Excellent email. Please keep us informed! And please if you speak to anyone on Ellen's office emphasize that they really need to get the field techs and CSR's notified of this!


----------



## bnglbill (Nov 29, 2006)

Now this is getting very interesting....

I received a call in regards to my email from a very nice lady. She stated that directv does not have a way of monitoring signals, "that she knows of" but that she does belive that my signals on 103 are low. She is going to send out a lead tech on Wednesday.

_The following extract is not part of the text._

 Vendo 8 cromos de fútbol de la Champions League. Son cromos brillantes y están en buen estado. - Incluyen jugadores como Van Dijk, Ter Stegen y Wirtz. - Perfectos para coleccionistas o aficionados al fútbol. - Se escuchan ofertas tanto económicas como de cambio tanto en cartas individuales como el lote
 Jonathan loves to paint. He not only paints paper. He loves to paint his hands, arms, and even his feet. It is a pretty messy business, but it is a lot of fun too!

Nothing like being made to feel like a fool because the company called you and no one at the company believes that they called you.


----------



## rahlquist (Jul 24, 2007)

bnglbill said:


> Now this is getting very interesting....
> 
> I received a call in regards to my email from a very nice lady. She stated that directv does not have a way of monitoring signals, "that she knows of" but that she does belive that my signals on 103 are low. She is going to send out a lead tech on Wednesday.
> 
> Nothing like being made to feel like a fool because the company called you and no one at the company believes that they called you.


Uhh WOW..... the VP of customer Service (and/or her department) doesn't know about these calls yet! D* really needs to work on this internal communication. Maybe they should run some commercials?

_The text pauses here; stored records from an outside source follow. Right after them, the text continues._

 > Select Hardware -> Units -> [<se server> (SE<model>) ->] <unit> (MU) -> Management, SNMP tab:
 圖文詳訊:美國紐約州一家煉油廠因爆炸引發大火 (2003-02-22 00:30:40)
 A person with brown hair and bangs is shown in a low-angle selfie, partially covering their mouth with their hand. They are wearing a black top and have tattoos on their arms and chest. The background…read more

Doug or Stuart, is this surprising to you? With your contacts maybe you can get someone at D* to start a snowball rolling?


----------



## Greg Alsobrook (Apr 2, 2007)

bnglbill said:


> Now this is getting very interesting....
> 
> I received a call in regards to my email from a very nice lady.* She stated that directv does not have a way of monitoring signals, "that she knows of" *but that she does belive that my signals on 103 are low. She is going to send out a lead tech on Wednesday.
> 
> Nothing like being made to feel like a fool because the company called you and no one at the company believes that they called you.

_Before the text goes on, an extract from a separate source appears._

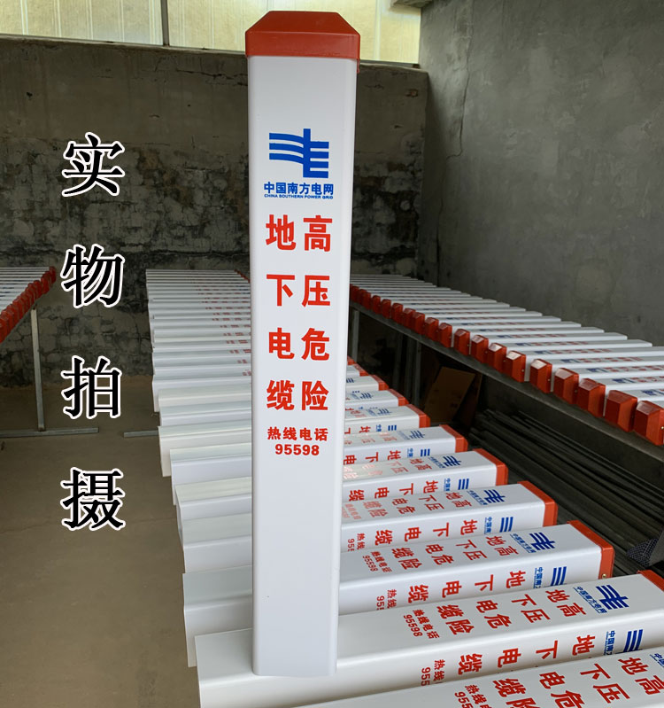 There are cables under the warning column pvc power, it is strictly forbidden to excavate the fiber optic cable gas pipeline sign underground high voltage sign pile
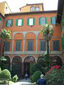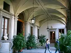 A fachada virada ao pátio mostra, no primeiro andar, três arcos, completamente tamponados, sobre semicolunas com capitéis jónicos, na cor típica da pietra serena que assenta sobre a cor rosada atual. Este loggia superior é uma reinvenção livre do motivo da serliana, presente também em outras obras de Ammannati, entre as quais a Basilica di Santo Spirito.

Sad.... Just sad.... :nono2:


----------



## Jish (Jul 27, 2007)

I contacted DirecTV on Thursday concerning my posted low even channel signal strength on 103c (Thank You JLuc) - first the CSR said they had no way of "seeing" what our signal strengths were - second he said one of my receivers was being recalled (H20) and they were replacing it with a H21 (which I received Saturday) and third - yes my strengths were not very good on the even channels and he wanted to send a tech out on Sunday but I wasn't available (not expecting a Sunday appointment would even be an option) and that a tech would be sent out Tues 9/23. All in all the call was answered on the first ring, which surprised me, and he was extremely helpful and courteous - no complaints from me.


----------



## rahlquist (Jul 24, 2007)

Jish said:


> I contacted DirecTV on Thursday concerning my posted low even channel signal strength on 103c (Thank You JLuc) - first the CSR said they had no way of "seeing" what our signal strengths were


To the best of my knowledge this is true. They cant look up your readings. From what I seem to surmise a certain group at D* gets a notification when your receiver phones home with a bad signal. They then act on it by calling and setting up an appointment. As seen it appears that at least some of D* isnt even aware of this new program.


----------



## paulman182 (Aug 4, 2006)

rahlquist said:


> To the best of my knowledge this is true. They cant look up your readings. From what I seem to surmise a certain group at D* gets a notification when your receiver phones home with a bad signal. They then act on it by calling and setting up an appointment. As seen it appears that at least some of D* isnt even aware of this new program.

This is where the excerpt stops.